Nitro System security in context
The Nitro System design features discussed in this paper operate in the context of the full set of robust controls in place at AWS to maintain security and data protection in the AWS Cloud. In this section we will provide a high-level overview of relevant AWS security and compliance practices. As an AWS customer you inherit all the best practices of AWS policies, architecture, and operational processes built to satisfy the requirements of our most security-sensitive customers.
AWS environments are continuously audited, with
certifications
from accreditation bodies across geographies and verticals
Infrastructure security
Security at AWS starts with our core infrastructure—the hardware, software, networking, and facilities that run AWS Cloud services. Custom-built for the cloud and designed to meet the most stringent security requirements in the world, our infrastructure is monitored 24/7 to help ensure the confidentiality, integrity, and availability of your customer data. With AWS you can build on the most secure global infrastructure, knowing you always own your customer data, including the ability to encrypt it, move it, and manage retention.
Physical access
Physical access to AWS data centers is strictly controlled, both at the perimeter and at building entry points by professional security staff using video surveillance, two-factor and biometric authentication, intrusion detection systems, and other electronic means.
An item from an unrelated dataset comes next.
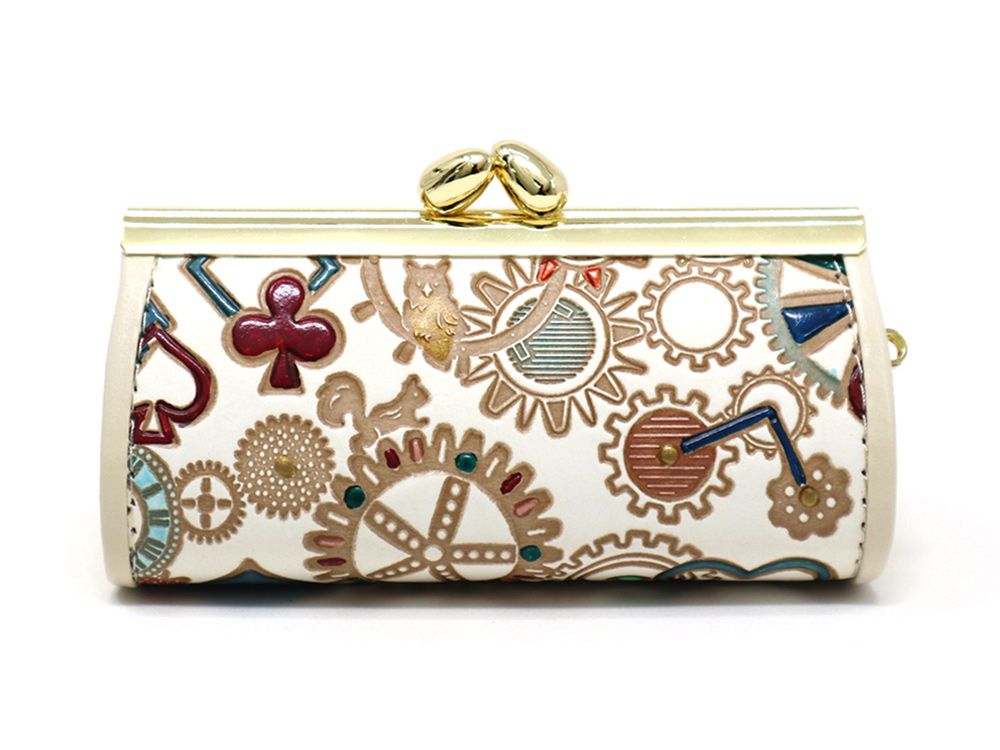 時の歯車<青緑> リップも入るハートまちの小物入れ(金唐柄)

Authorized staff must pass two-factor authentication a minimum of two times to access data center floors. All visitors are required to present identification and are signed in and continually escorted by authorized staff. AWS only provides data center access and information to employees and contractors who have a legitimate business need for such privileges.
When an employee no longer has a business need for these privileges, his or her access is immediately revoked, even if they continue to be an employee of Amazon or Amazon Web Services. All physical access to data centers by AWS employees is logged and audited routinely.
Media sanitization
Media storage devices used to store customer data are classified
by AWS as Critical. AWS has exacting standards on how to
install, service, and eventually destroy the devices when they
are no longer useful. When a storage device has reached the end
of its useful life, AWS decommissions media using techniques
detailed in
NIST
800-88
Data protection
All data flowing across the AWS global network that
interconnects our data centers and Regions is automatically
encrypted at the physical layer before it is transmitted between
our secured facilities. Additional encryption layers exist as
well; for example, all inter-Region VPC peering traffic, and
customer or service-to-service TLS connections. We provide tools
that allow you to easily encrypt your customer data in transit
and at rest to help ensure that only authorized users can access
it, using keys you control managed by AWS KMS, or managing your
encryption keys with
AWS CloudHSM
We also give you the control and visibility you need to help you comply with regional and local data privacy laws and regulations. The design of our global infrastructure allows you to choose Regions in which your customer data is physically located, helping you meet data residency requirements.